They say that friends are the family you choose. If that is true - then I am very lucky. After going through a bit of a rocky time at university and not knowing especially well what to do next in life, I found myself doing not very much at all.
I would dabble in the occasional job every now and then just to avoid questions being raised, but I would never end up making continuous efforts or gaining much satisfaction out of doing the work. I thought of going back to school, but couldn’t get much further than looking at the odd online prospectus or two or reading a bit about the course in question. The only thing I had been able to master was going round to my best friend’s house every night without fail, where we would all meet to just hang out together. We would sit around, watch TV and just talk about our days in general - not really realising how many days were passing us by.
I was deeply lacking any form of motivation to do anything, but I was also becoming more and more aware of the repercussions of doing nothing all day. I became rather frustrated with life and couldn’t quite keep up with how quickly it was going versus how little I was doing. This began to consume me and I think my friends began to notice.
Rather than going to my friend’s house at the end of the day, to unwind and chill out - now I would go to vent and rant at others with my scathing comments about this world and what life was (or what my take on life was).
One such evening, when I was explaining (or rather excusing) the fact that I was not doing much in life because I found it pointless and meaningless and a bit of a let-down, my friend Rishi turned to me and just cut me off mid-sentence.
He said, "You're right. There is absolutely no point to life whatsoever. If you want to think that way, then you're correct.”
I looked at him, astonished that he had decided to support my rant… But it was what he said next that really forced me to think.
“So why don't you make something of your life?
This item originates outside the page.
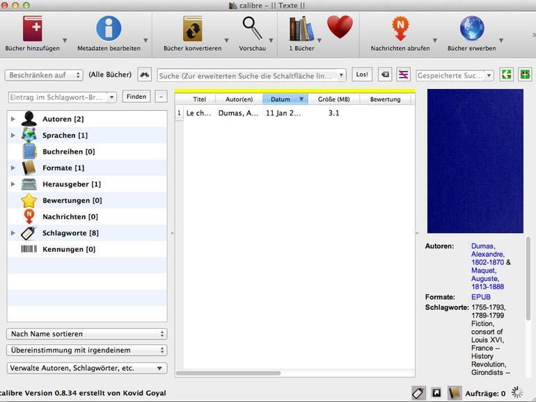 Calibre verwaltet mehrere Formate eines Dokuments, rechts in der Seitenleiste können Sie sehen, welche Formate verfügbar sind. Klicken Sie auf „EPUB“, Calibre wird nun den eigenen E-Book-Reader starten.

Make it worth something? What's stopping you from doing that?"
He was right. It wasn’t that people hadn’t said something similar before, it was just the way he said it. Here I was complaining that life didn’t seem worth it, but completely missing the point of it all - that I was the one who was meant to make something of it!
Whichever way you want to look at it, whatever creation story you want to believe - the fact that we’re even here, present on this planet and capable of doing the things that we do is a) a miracle; b) just a bloody coincidence. So, why was I getting so swept up by such a grand (or trivial, I guess it depends on your perspective) question and not making the most of this gift?
Don’t get me wrong, it’s not like I went out the next morning and got myself a shiny new job or anything like that. But what Rishi said resonated with me through the night.
The next day, rather than sleeping till midday “just because I can” - I went for a walk in the park right opposite my house...“just because I can!” I went and checked a book out of the library after a very long time - “just because I can!” I made a conscious effort to connect with my family again, “just because I can!” And yes, I did take job hunting more seriously because I had found the drive within myself to strive and do better...just because I can.
The words keep repeating themselves, but it’s the attitude with which I started saying them that changed, and needed to change.
What Rishi probably didn’t realise was that by deciding to question me mid-rant on some idle Thursday, he had set chain of events in my brain back on course. Something clicked with what he said and made me really think about the choices I had been making or the excuses I had been using just to avoid doing things in general. Ultimately resulting in losing time that I would not get back, ever.
I’m not dwelling now on the time that I lost because that would not be productive; I’m just making sure that I use my time effectively and productively, so that when it comes to that point in life when they say that your life allegedly passes you in front of your eyes - I can actually have something I am proud to look back on!
So, when it comes to doing things just because you can - one has to perhaps think about the choices they are making - are they contributing to your life? Are you happy with the choices you are making? Are you doing anything, or are you just letting time pass you by?